**EXERCISE:**
What I need is an exact repeat of the lines from the one with "이후 윤석준 대표의 고객" through the end of the listing below. Leave out every picture.

Start of GIVEN DATA

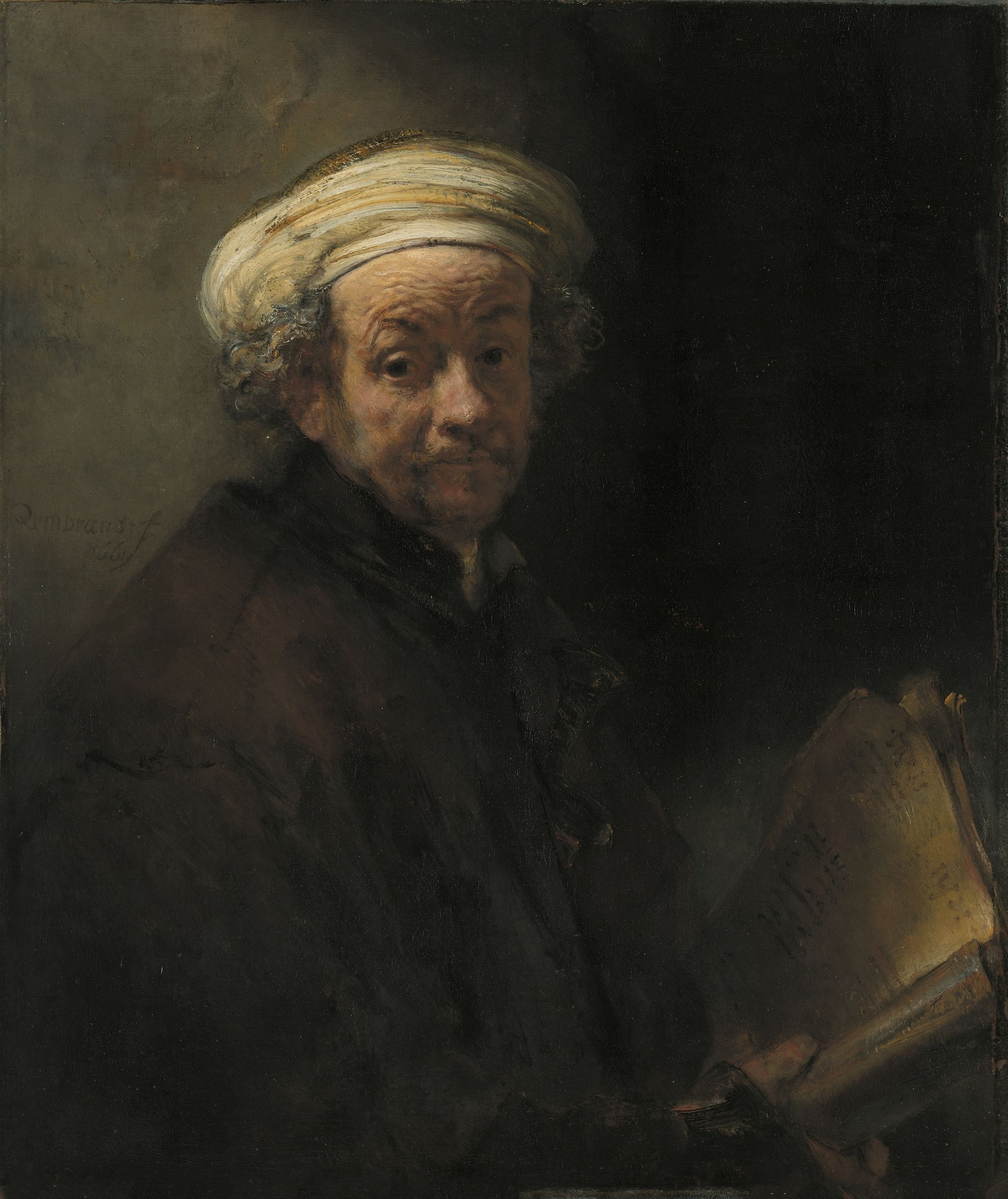 El visitante encontrará referencias a la novela El tiempo recobrado en la que Proust pone de manifiesto lo implacable y destructor que es el paso del tiempo. Se acompaña de dos de autorretratos de Rembrandt, uno de 1642-1643 y otro 1661, y dos imágenes de Marcel Proust en su lecho de muerte. | Imagen: Autorretrato como el apóstol san Pablo, 1661, de Rembrandt. Óleo sobre lienzo, 91 × 77 cm.
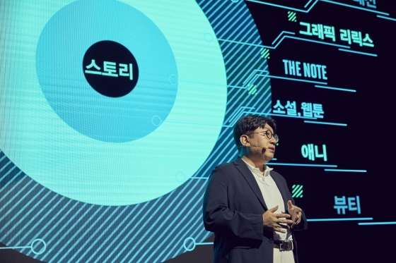 이후 윤석준 대표의 고객 경험 개선 확장 설명과 서우석 대표의 새로운 플랫폼의 혁신과 관련한 이야기에 이어 다시 무대에 선 방시혁 대표의 또 다른 이야기는 바로 '세계관'이었다.
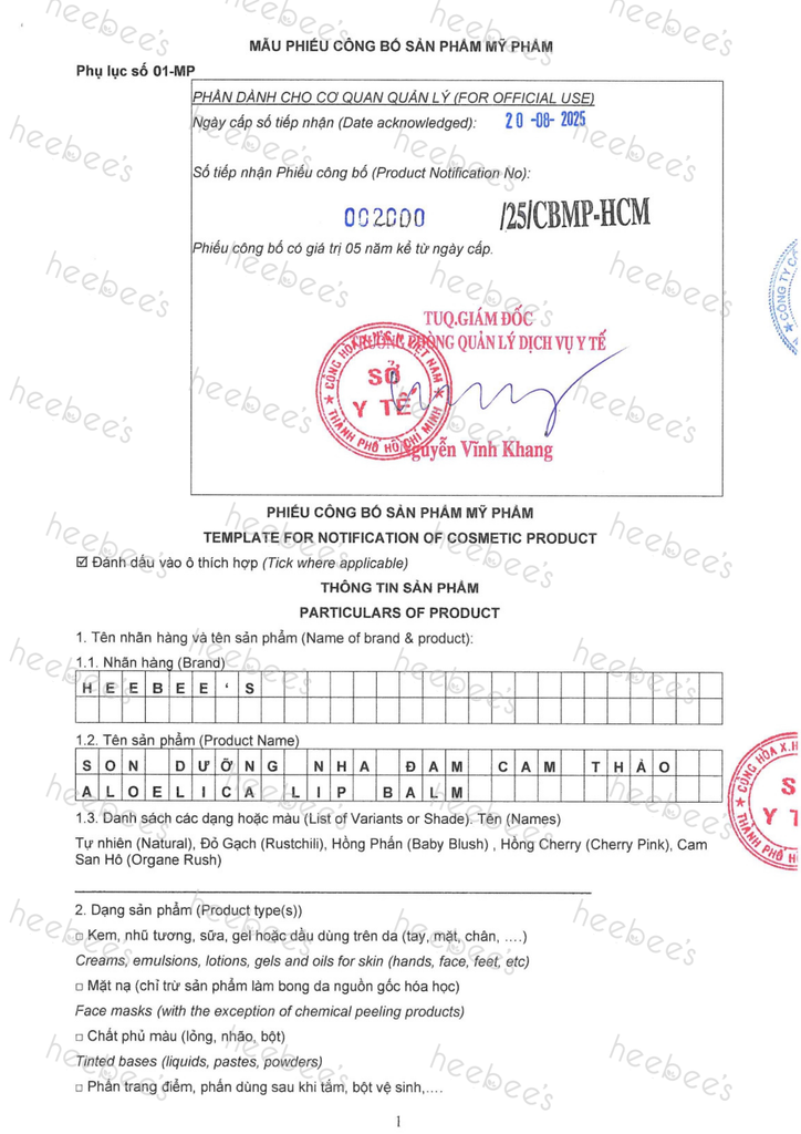 Phiếu Công Bố Mỹ Phẩm được cấp bởi Sở Y Tế

End of GIVEN DATA

**RESULT BELOW:**
 이후 윤석준 대표의 고객 경험 개선 확장 설명과 서우석 대표의 새로운 플랫폼의 혁신과 관련한 이야기에 이어 다시 무대에 선 방시혁 대표의 또 다른 이야기는 바로 '세계관'이었다.
 Phiếu Công Bố Mỹ Phẩm được cấp bởi Sở Y Tế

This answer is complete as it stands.